When the graphic ROM 12 is converted to a graphic on a television, the horizontal and vertical data interpolators shown in FIGS. 4 and 5 are connected in series to interpolate a portion of the graphic ROM 12 which is shorter than the access time. This makes it possible to smooth the edge portion of the figure.

[0018]

As is apparent from the above embodiment, the present invention realizes the coordinate conversion circuit and the arithmetic circuit by the ROM regardless of the polar coordinate figure, and does not reconstruct a new arithmetic circuit. In addition, a new pattern can be realized only by changing the ROM, and the circuit scale can be reduced as compared with the conventional one, so that the cost can be reduced.

[Brief description of drawings]

FIG. 1 is a block diagram of a wipe pattern generator according to an embodiment of the present invention.

FIG. 2 is a ROM calculation diagram of a figure for a heart-shaped wipe pattern in one embodiment of the present invention.

FIG. 3 is a ROM stand-up diagram of a figure for a heart-shaped wipe pattern in one embodiment of the present invention.

FIG. 4 is a block diagram of a horizontal data interpolator according to an embodiment of the present invention.

FIG. 5 is a block diagram of a vertical direction data interpolator according to an embodiment of the present invention.

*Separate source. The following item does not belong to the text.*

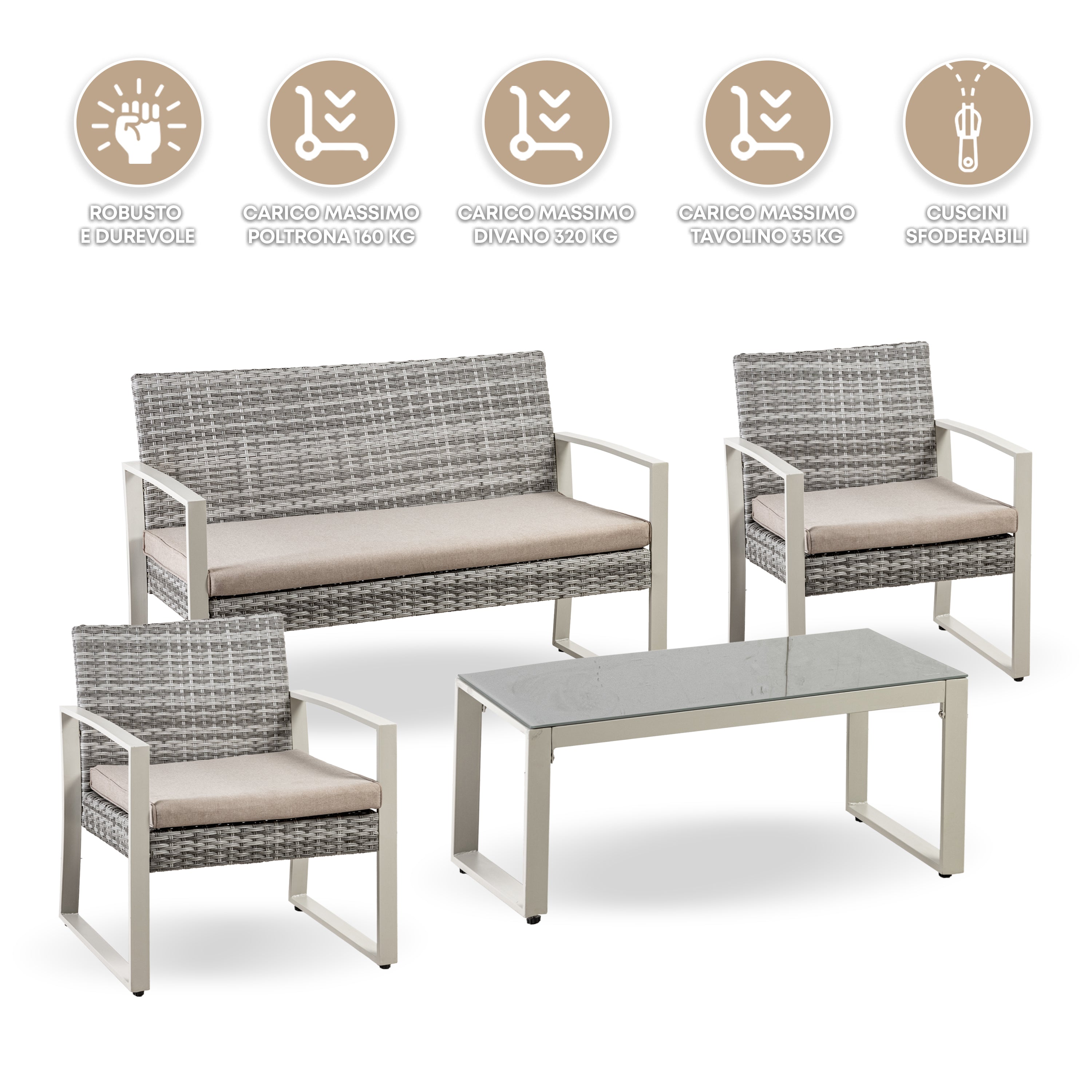 Design Elegante: Elegantissimo ideali per giardini,terrazze e verande stupisci i tuoi ospiti con un complemento d'arredo unico ed esclusivo Portata Poltrone 160 Kg Portata Divano 320 Kg Portata Tavolino 35 Kg

FIG. 6 is a block diagram of a wipe pattern generator in a conventional example.

[Explanation of symbols]

 11 address generator 12 graphic ROM 13 data interpolator 14 comparator 15 controller 21 D flip-flop 22, 23 adder 24, 25, 26 selector 31 1H delay device 32 adder 33 selector

Claims (4)

[Claims] 1. An address generator for generating Cartesian coordinates,
A graphic ROM for storing the graphic data and outputting the graphic data corresponding to the address signal from the address generator;
A data interpolator for smoothly interpolating the graphic data output from the graphic ROM so as to be suitable for display, and a comparison for varying the size of the graphic from the data interpolator by changing a predetermined threshold value. Pattern generating device with a container. 2. The graphic ROM formulates a graphic in which the solution of the equation is a pole by a cubic function of z = f (x, y), and converts the data resulting from the solution of the equation into DECIMAL to HEX. The wipe pattern generator according to claim 1, wherein the wipe pattern generator stores the wipe pattern. 3. The wipe pattern generator according to claim 1, wherein the data interpolator smoothes an edge portion by interpolating a portion less than the access time of the graphic ROM. 4. The wipe pattern generator according to claim 3, wherein the data interpolator comprises a horizontal data interpolator and a vertical data interpolator connected in series.